| Exercise description |
All of the listing should be output exactly, apart from the pictures.

| Data provided |
____________

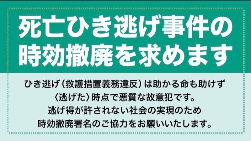 救護措置を取っていれば命が救われた事故は、多くあると思います。被害者に怪我をさせ、重傷、死亡させた行為を重く捉えて頂き、時効撤廃の法改正に向けて社会に呼びかけております。
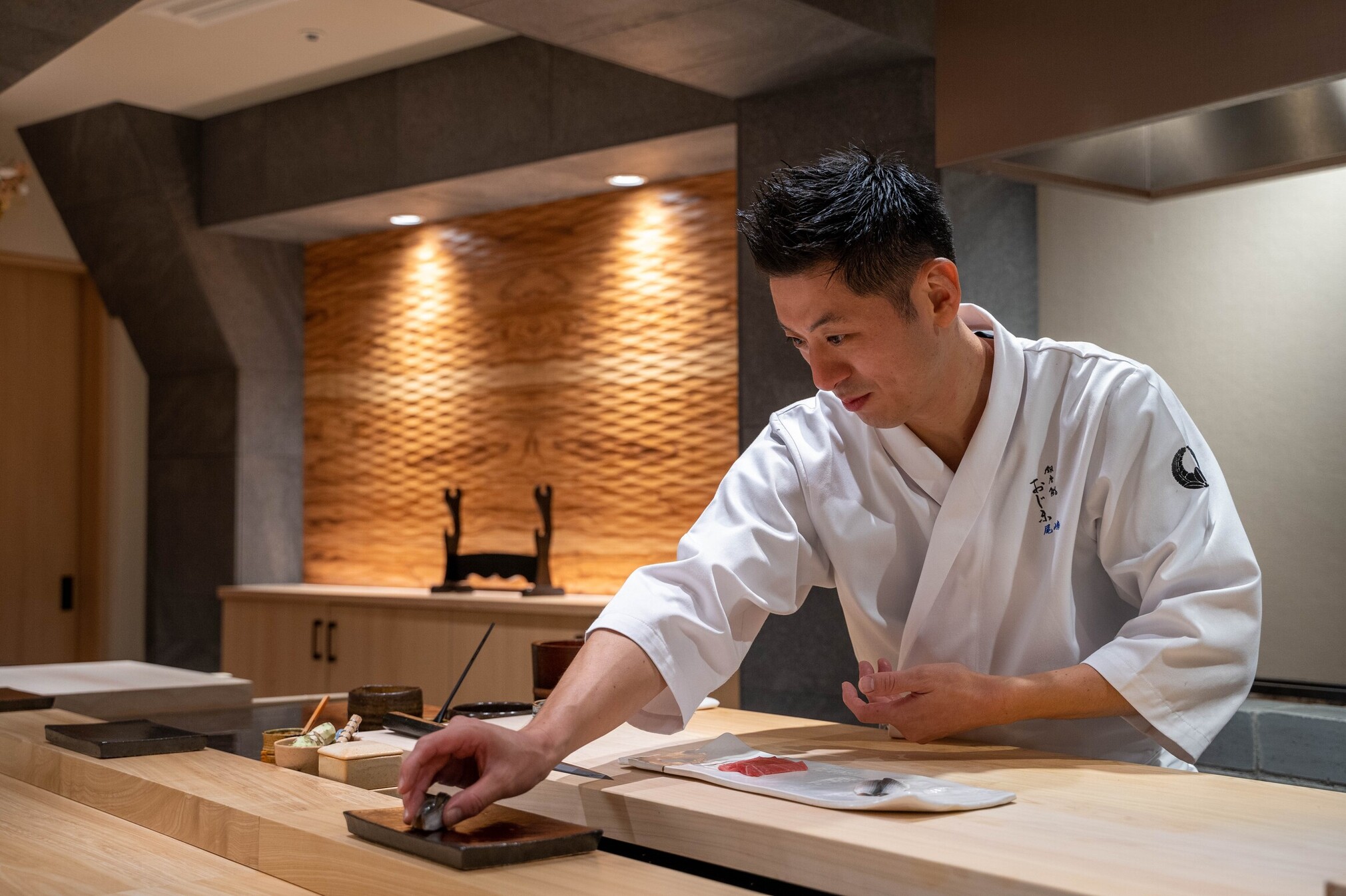 “OMAKASE”是一种将所有选择交由厨师决定的用餐方式,顾客可以一贯一贯地享用使用时令食材制作的寿司。
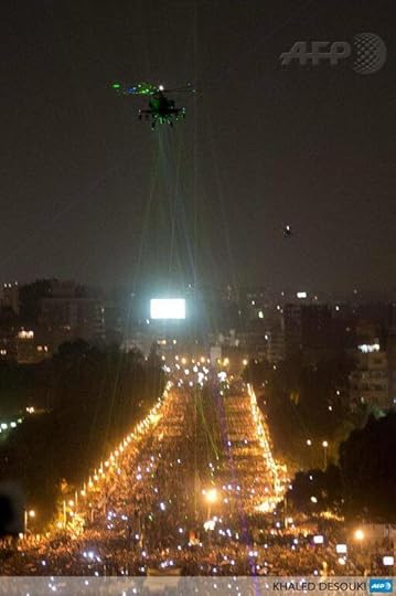 Twitter / AFP:"Egyptian protestors direct laser lights on a military helicopter flying over the presidential palace in Cairo."

____________

| Solution below |
 救護措置を取っていれば命が救われた事故は、多くあると思います。被害者に怪我をさせ、重傷、死亡させた行為を重く捉えて頂き、時効撤廃の法改正に向けて社会に呼びかけております。
 “OMAKASE”是一种将所有选择交由厨师决定的用餐方式,顾客可以一贯一贯地享用使用时令食材制作的寿司。
 Twitter / AFP:"Egyptian protestors direct laser lights on a military helicopter flying over the presidential palace in Cairo."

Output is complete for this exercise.